Now you can enjoy your van with your mind put at rest. Happy travelling.

Dave


----------



## Tonyhezz

*Bessacarr e435*

I'm looking at buying a 435 next week and was wondering how I can check for damp and how I can check the work has been done by swift? Does it need doing on all the 2005 - 2006 e435,s


----------



## Charisma

Hi Tonyhezz and welcome to MHF.

The Swift section on here has lots of posts re damp in the 2005 / 2007 and newer models. It is a problem that you should check out carefully before parting with your hard earned money.

I would first of all ask for proof of servicing - particularly damp tests as a report should be given by the dealers each year to the owner.

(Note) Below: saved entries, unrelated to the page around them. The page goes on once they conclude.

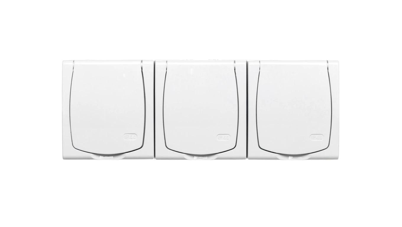 MADERA Gniazdo hermetyczne potrójne z/u IP44 klapka biała GNH-3NZ/00/w
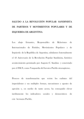 Representantes de varios partidos y movimientos políticos de izquierda en Argentina envían un saludo fraternal al pueblo de Nicaragua en el 43 aniversario de la Revolución Sandinista. Destacan que el proceso de transformación nicaragüense ha resistido los embates del imperialismo y ha elevado los indicadores sociales y democráticos a pesar de la agresión. Ratifican su solidaridad con el valiente pueblo nicaragüense, su gobierno y su revolución.
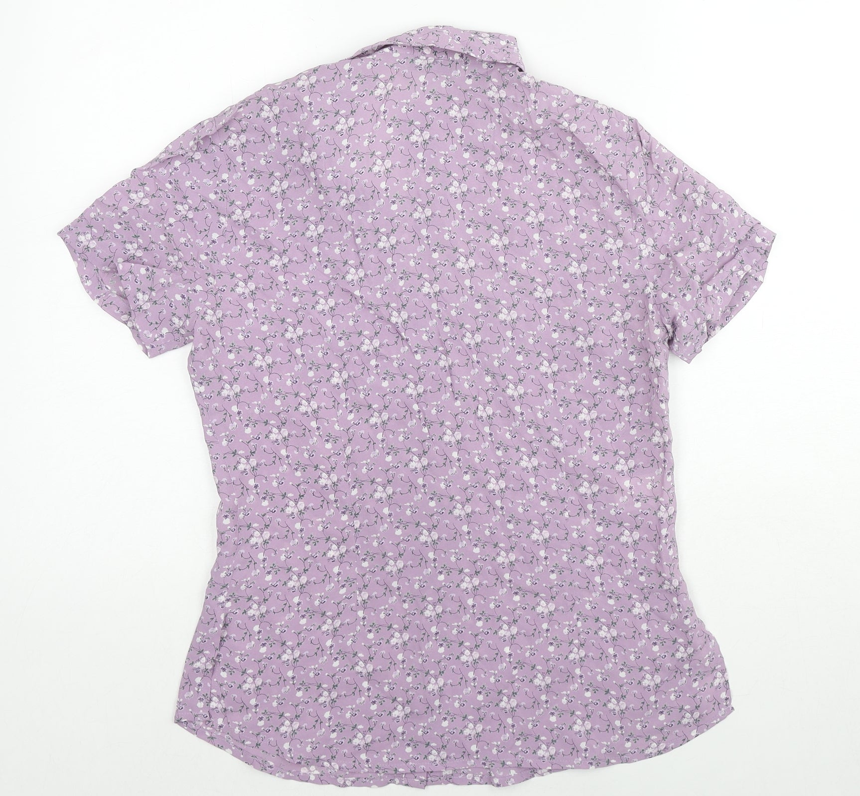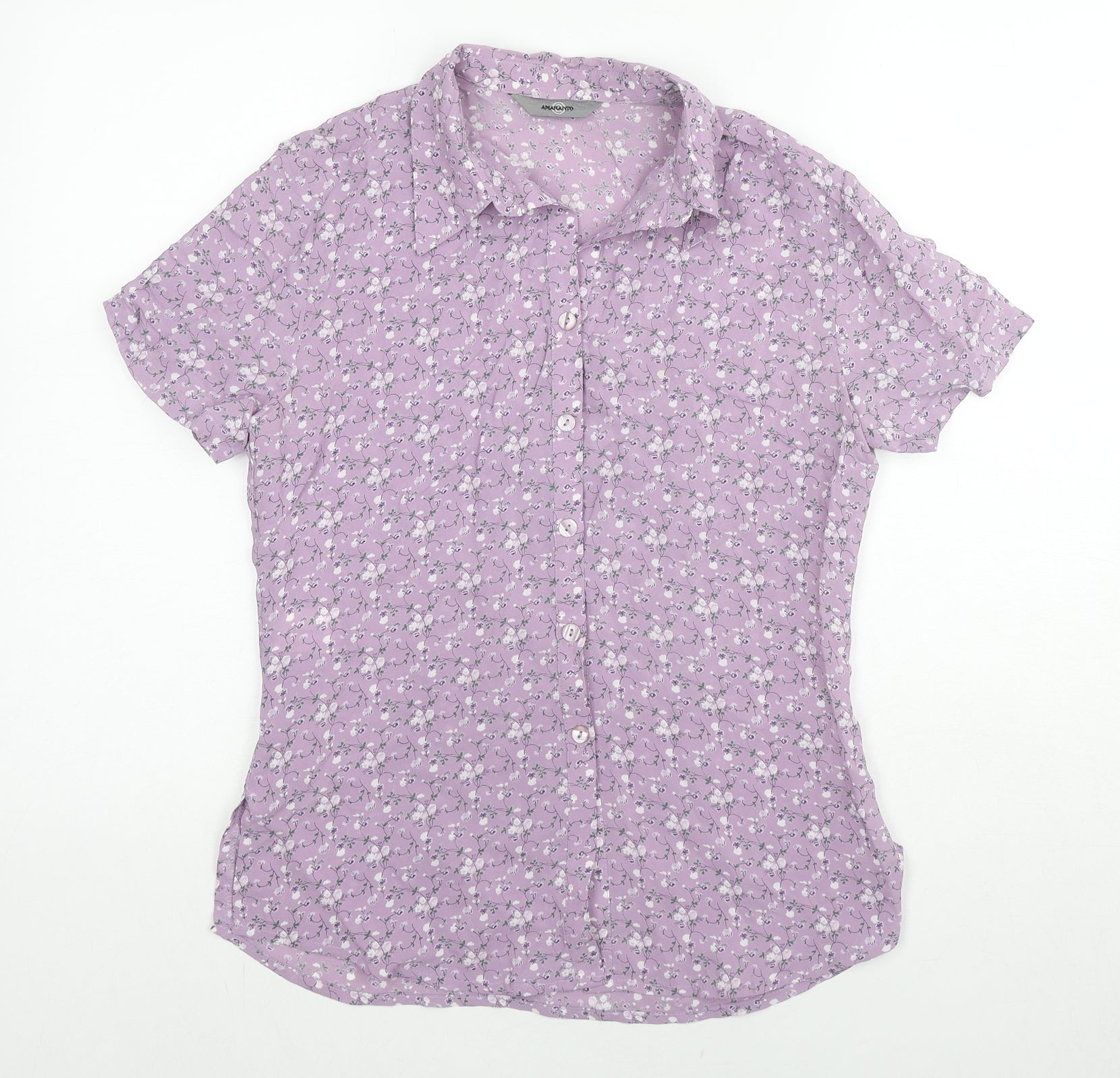 AMARANTO Womens Purple Floral Viscose Basic Button-Up Size 10 Collared

Most of the serious damp problems are in the floor underneath and this is where you need to check carefully for signs of spongy timber. The underside of the van should be rock solid all over, but the edges of the floor is where the damp is found mostly so pay extra attention to the edges - and all the way around including the rear.

The models most affected had a shiny plastic covering on the underside which was supposed to protect the woodwork from damp, but in fact trapped water between it and the woodwork causing it to rot. The water ingress was through the sideskirts of the van not being sealed to the bodywork correctly.

If the van has been returned to Swift for repair, the floor underneath will have had the shiny plastic removed and the wood will be black painted. The repair by Swift is very professional and looks like it is original flooring.

I have seen some repairs not done by Swift that look very 'bodged' so I would avoid those.

You can contact Swift to see if the van has been in their workshops for repair - just ask for Customer Services and quote the reg number. They are usually very helpful.

Hope that helps.

Dave


----------



## topaz65

*e435 damp floor*

We recently contacted swift regarding damp floor ......eventually had a response which was sorry but get lost. Nice.
The problem is around the rear door and just a little along one side. Unfortunately we did not keep up the habitation checks, being an engineer i prefer to do my own checks. We purchased the van new in 2009 and this problem has only just come to light due to the rear 
electric step feeling springy. First motor home purchased and i think it will be my last Swift purchase. I have repaired so many issues from electrical to trim falling of breaking. 
The layout of the E435 has a rear bench seat situated behind the drivers seat with a back rest .....a flimsy affair at best with just four small screws securing the back rest in place....absolutely useless....drivers seat has to be reclined to add support????
The on board charger has been changed together with the lead from the control board to the fuse board....lovely job. All cupboard door hinges re drilled to prevent rattles.
When checking the underside noticed lots of multi pin connector blocks uninsulated just waiting for water penetration. Noticed that the rear plastic bumper trim is held to the body work by two bits of 2 x 2 timber blocks.....just looks like it has been thrown together with no care or pride....the mastic sealant around the door and other openings looks like it has been applied by a four year old with a lollipop stick.
.....would i recommend Swift......mmmmmm.....not


----------